LLVM  6.0.0svn
Enumerations | Functions
llvm::sys::unicode Namespace Reference

Enumerations

enum  ColumnWidthErrors { ErrorInvalidUTF8 = -2, ErrorNonPrintableCharacter = -1 }
 

Functions

bool isPrintable (int UCS)
 Determines if a character is likely to be displayed correctly on the terminal. More...
 
int columnWidthUTF8 (StringRef Text)
 Gets the number of positions the UTF8-encoded Text is likely to occupy when output on a terminal ("character width"). More...
 
static int charWidth (int UCS)
 Gets the number of positions a character is likely to occupy when output on a terminal ("character width"). More...
 

Enumeration Type Documentation

◆ ColumnWidthErrors

Enumerator
ErrorInvalidUTF8 
ErrorNonPrintableCharacter 

Definition at line 24 of file Unicode.h.

Function Documentation

◆ charWidth()

static int llvm::sys::unicode::charWidth ( int  UCS)
inlinestatic

Gets the number of positions a character is likely to occupy when output on a terminal ("character width").

This depends on the implementation of the terminal, and there's no standard definition of character width.

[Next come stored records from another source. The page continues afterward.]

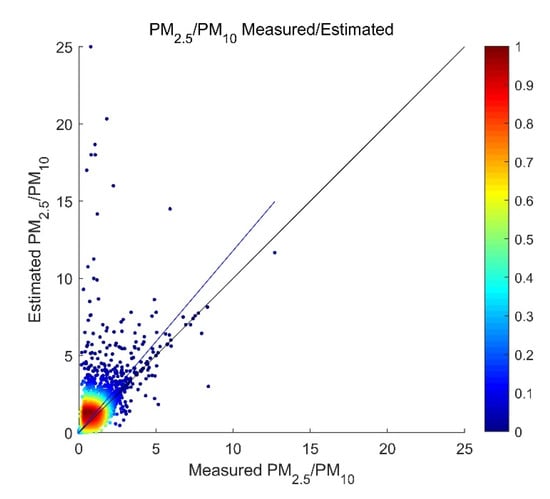 Figure 4 shows the measured and estimated PM2.5/PM10 ratios. In the study area, the mass concentration of PM10 is generally higher than the mass concentration of PM2.5. In the scatter plot, the points are mostly distributed above a 1:1 line, which indicates that the measured PM2.5/PM10 ratio is usually somewhat higher than the estimated ratio.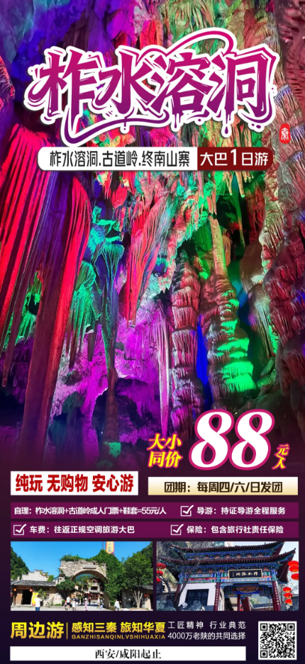 柞水溶洞.古道岭.终南山寨一日游(周四/六发) 提前一天预定 (不可退)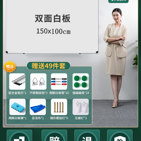 雨桐單面鋅背白板120*150cm(含白板架)

The implementation defines it in a way that is expected to be compatible with a generic Unicode-capable terminal.

Returns
Character width:
  • ErrorNonPrintableCharacter (-1) for non-printable characters (as identified by isPrintable);
  • 0 for non-spacing and enclosing combining marks;
  • 2 for CJK characters excluding halfwidth forms;
  • 1 for all remaining characters.

Definition at line 227 of file Unicode.cpp.

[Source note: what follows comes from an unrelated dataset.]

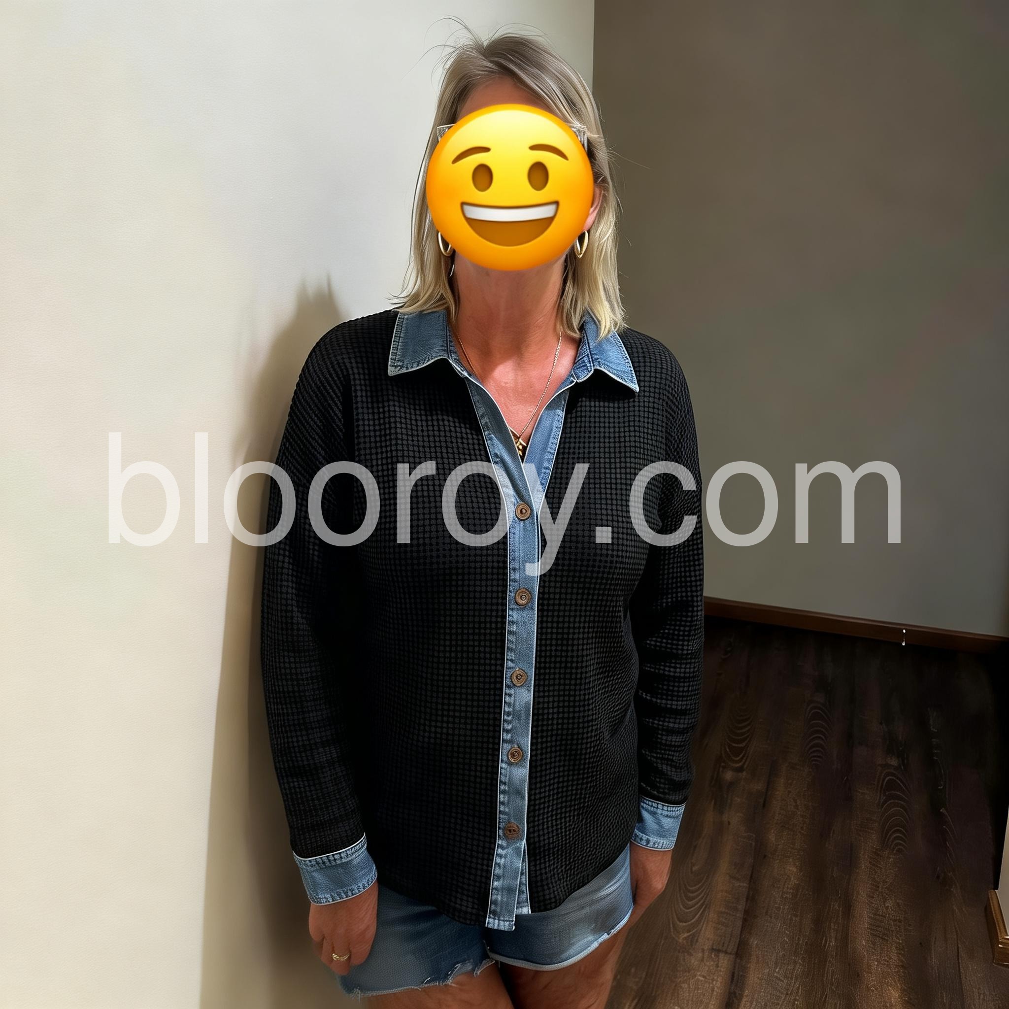 Chic Contrast Denim Collar & Cuff Shirt

References llvm::sys::UnicodeCharSet::contains(), ErrorNonPrintableCharacter, and isPrintable().

Referenced by columnWidthUTF8().

◆ columnWidthUTF8()

int llvm::sys::unicode::columnWidthUTF8 ( StringRef  Text)

Gets the number of positions the UTF8-encoded Text is likely to occupy when output on a terminal ("character width").

This depends on the implementation of the terminal, and there's no standard definition of character width.

The implementation defines it in a way that is expected to be compatible with a generic Unicode-capable terminal.

Returns
Character width:
  • ErrorNonPrintableCharacter (-1) if Text contains non-printable characters (as identified by isPrintable);
  • 0 for each non-spacing and enclosing combining mark;
  • 2 for each CJK character excluding halfwidth forms;
  • 1 for each of the remaining characters.

Definition at line 343 of file Unicode.cpp.

References charWidth(), llvm::conversionOK, llvm::ConvertUTF8toUTF32(), llvm::StringRef::data(), ErrorInvalidUTF8, ErrorNonPrintableCharacter, llvm::getNumBytesForUTF8(), llvm::StringRef::size(), and llvm::strictConversion.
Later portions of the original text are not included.